Martin Lysy 2022-09-01

\( \newcommand{\bm}[1]{\boldsymbol{#1}} \newcommand{\ud}{\mathop{}\!{\mathrm{d}}} \newcommand{\iid}{\stackrel {\mathrm{iid}}{\sim}} \newcommand{\ind}{\stackrel {\mathrm{ind}}{\sim}} \newcommand{\del}[2][]{\frac{\partial^{#1}}{\partial {#2}^{#1}}} \newcommand{\der}[2][]{\frac{\textnormal{d}^{#1}}{\textnormal{d} {#2}^{#1}}} \newcommand{\fdel}[3][]{\frac{\partial^{#1}#3}{\partial{#2}^{#1}}} \newcommand{\fder}[3][]{\frac{\textnormal{d}^{#1}#3}{\textnormal{d} {#2}^{#1}}} \DeclareMathOperator{\logit}{logit} \DeclareMathOperator*{\argmax}{arg\,max} \DeclareMathOperator*{\argmin}{arg\,min} \newcommand{\E}{\mathop{}\!E\!\mathop{}} \DeclareMathOperator{\ibm}{IBM} \DeclareMathOperator{\var}{var} \DeclareMathOperator{\cov}{cov} \DeclareMathOperator{\cor}{cor} \DeclareMathOperator{\sd}{sd} \DeclareMathOperator{\se}{se} \DeclareMathOperator{\diag}{diag} \newcommand{\rv}[3][1]{#2_{#1},\ldots,#2_{#3}} \newcommand{\N}{\mathcal N} \newcommand{\bO}{\mathcal{O}} \newcommand{\correct}[1]{\textbf{[{\color{red}#1}]}} \newcommand{\bz}{{\bm 0}} \renewcommand{\AA}{{\bm A}} \newcommand{\BB}{{\bm B}} \newcommand{\CC}{{\bm C}} \newcommand{\bb}{{\bm b}} \newcommand{\ff}{{\bm f}} \newcommand{\GG}{{\bm G}} \newcommand{\QQ}{{\bm Q}} \newcommand{\RR}{{\bm R}} \newcommand{\WW}{\bm{W}} \newcommand{\XX}{\bm{X}} \newcommand{\ZZ}{\bm{Z}} \newcommand{\xx}{\bm{x}} \newcommand{\yy}{\bm{y}} \newcommand{\YY}{\bm{Y}} \newcommand{\UU}{\bm{U}} \newcommand{\II}{\bm{I}} \newcommand{\eps}{{\bm \epsilon}} \newcommand{\bbe}{{\bm \beta}} \newcommand{\eet}{{\bm \eta}} \newcommand{\lla}{{\bm \lambda}} \newcommand{\pph}{{\bm \phi}} \newcommand{\rrh}{{\bm \rho}} \newcommand{\gga}{{\bm \gamma}} \newcommand{\tta}{{\bm \tau}} \newcommand{\TTh}{\bm{\Theta}} \newcommand{\tth}{\bm{\theta}} \newcommand{\hess}[1]{\frac{\partial^2}{\partial{#1}\partial{#1}'}} \newcommand{\dt}{\Delta t} \newcommand{\Id}{\bm{I}} \newcommand{\mmu}{{\bm \mu}} \newcommand{\SSi}{{\bm \Sigma}} \newcommand{\OOm}{{\bm \Omega}} \newcommand{\ssi}{{\bm \sigma}} \newcommand{\dr}{{\bm \Lambda}} \newcommand{\df}{{\bm \Sigma}} \newcommand{\zzero}{{\bm 0}} \newcommand{\up}[1]{^{(#1)}} \newcommand{\lap}{\textnormal{Lap}} \newcommand{\ella}{\ell_{\lap}} \newcommand{\Lhat}{\hat {\mathcal L}} \newcommand{\Ell}{\mathcal{L}} \newcommand{\pot}{\mathcal{U}} \renewcommand{\vec}{\operatorname{vec}} \)

Summary

The goal of PFJAX is to provide tools for estimating the parameters \(\tth\) of a state-space model

\[ \begin{aligned} \xx_0 & \sim \pi(\xx_0 \mid \tth) \\ \xx_t & \sim f(\xx_t \mid \xx_{t-1}, \tth) \\ \yy_t & \sim g(\yy_t \mid \xx_t, \tth). \end{aligned} \]

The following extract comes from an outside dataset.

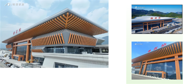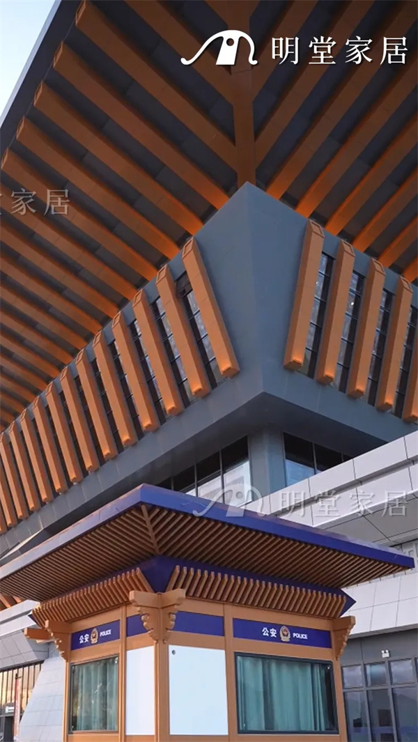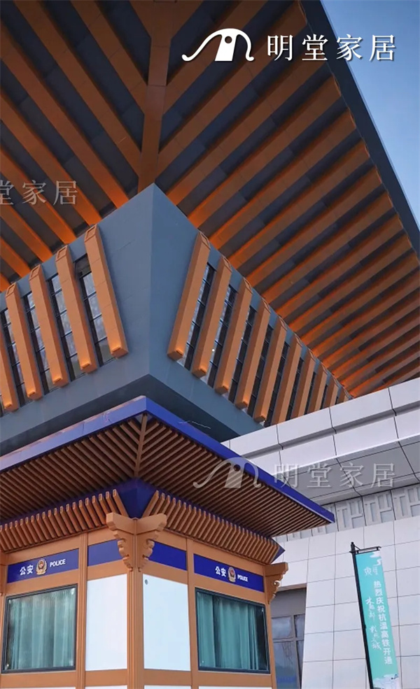 站房外,最引人瞩目的莫过于明堂家居原创设计的站岗亭,站岗亭屋檐造型与站房别无二致,采用原木全榫卯制作,沿袭古建筑中所蕴含的文化精粹,凝聚非遗艺术魅力,融合现代建筑美学,向世界展示“建筑之乡”的非凡魅力。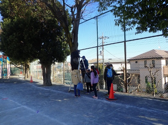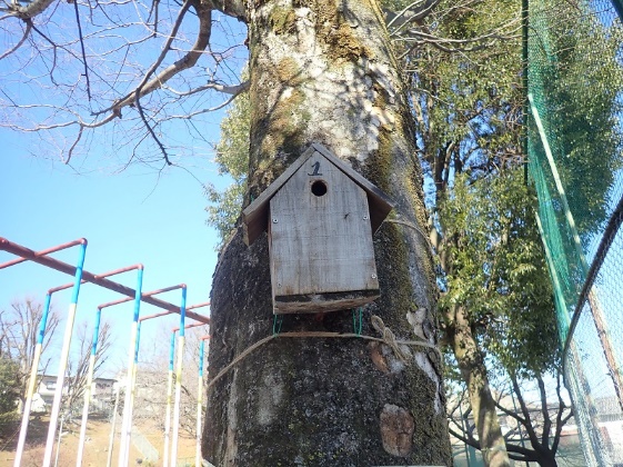 校庭の巣箱の確認と巣箱かけ

In such models, only the measurement variables \(\yy_{0:T} = (\yy_0, \ldots, \yy_T)\) are observed, whereas the state variables \(\xx_{0:T}\) are latent. The marginal likelihood given the observed data is

\[ \begin{aligned} \Ell(\tth) & = p(\yy_{0:T} \mid \tth) \\ & = \int \pi(\xx_0 \mid \tth) \times \prod_{t=0}^T g(\yy_t \mid \xx_t, \tth) \times \prod_{t=1}^T f(\xx_t \mid \xx_{t-1}, \tth) \ud \xx_{0:T}, \end{aligned} \]

but this integral is typically intractable. The state-of-the-art for approximating it is via particle filtering methods. PFJAX provides several particle filters to estimate the marginal loglikelihood \(\ell(\tth) = \log \Ell(\tth)\), along with its gradient \(\nabla \ell(\tth) = \frac{\partial}{\partial \tth} \ell(\tth)\) and hessian \(\nabla^2 \ell(\tth) = \frac{\partial^2}{\partial \tth \partial \tth'} \ell(\tth)\). To do this efficiently, PFJAX uses JIT-compilation and automatic differentiation as provided by the JAX library.

Using PFJAX typically involves two steps:

  1. Specifying the model-specific components of the estimation procedure, e.g., the state-space model itself, and optional proposal functions (more on these below).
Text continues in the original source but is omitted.